L'adoption de ce projet de loi a suscité l'ire de Pékin, qui a condamné une décision "contraire au principe de concurrence". "Si un soi-disant prétexte de sécurité nationale peut être utilisé pour écarter arbitrairement des entreprises performantes d’autres pays, alors il n’y a plus d’équité ni de justice", a lancé Wang Wenbin, porte-parole du ministère chinois des Affaires étrangères.
Pour sa part, le PDG de TikTok, Shou Zi Chew, a appelé les utilisateurs de l'application aux États-Unis à réagir avec force. "Faites-vous entendre", a-t-il écrit sur TikTok et sur X après le vote de la chambre basse du Congrès.
Le réseau social, qui compte 170 millions d'utilisateurs aux Etats-Unis, est depuis plusieurs mois dans le collimateur des autorités américaines et suscite des craintes concernant les menaces qui pèseraient sur la sécurité nationale. Plusieurs Etats ainsi que le gouvernement fédéral ont interdit l’utilisation de l’application sur les appareils officiels du gouvernement, invoquant des risques pour la sécurité nationale.
Le directeur du FBI, Christopher Wray, avait exprimé de graves préoccupations relatives à l’application vidéo chinoise. "Nous avons des préoccupations en matière de sécurité nationale concernant TikTok," avait souligné Wray devant la commission de la sécurité intérieure à la Chambre des représentants.
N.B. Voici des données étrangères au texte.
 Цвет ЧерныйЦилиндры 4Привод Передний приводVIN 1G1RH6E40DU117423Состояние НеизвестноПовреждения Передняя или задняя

Wray avait souligné que le gouvernement chinois pourrait utiliser l'application pour contrôler les données ou les logiciels de millions d'utilisateurs, mettant en garde contre l'algorithme de recommandation de la plateforme, qui détermine les vidéos que les utilisateurs verront ensuite.
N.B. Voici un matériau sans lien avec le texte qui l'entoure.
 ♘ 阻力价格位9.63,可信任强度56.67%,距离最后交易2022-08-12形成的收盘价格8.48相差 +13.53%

"En vertu de la loi chinoise, les entreprises chinoises sont tenues essentiellement de faire tout ce que le gouvernement chinois veut qu'elles fassent en termes de partage d'informations", avait estimé le directeur du FBI.
La veille du vote à la Chambre des représentants, de hauts responsables de la sécurité nationale américaine avaient tenu une réunion d’information à huis clos avec les législateurs pour discuter de TikTok et des implications pour la sécurité nationale.
Pourtant, la société a nié, à plusieurs reprises, avoir transmis des informations aux autorités chinoises, assurant qu’elle refuserait toute requête éventuelle en ce sens. En outre, le gouvernement américain n’a pas non plus fourni de preuves démontrant que TikTok a partagé les données de ses utilisateurs avec les autorités chinoises.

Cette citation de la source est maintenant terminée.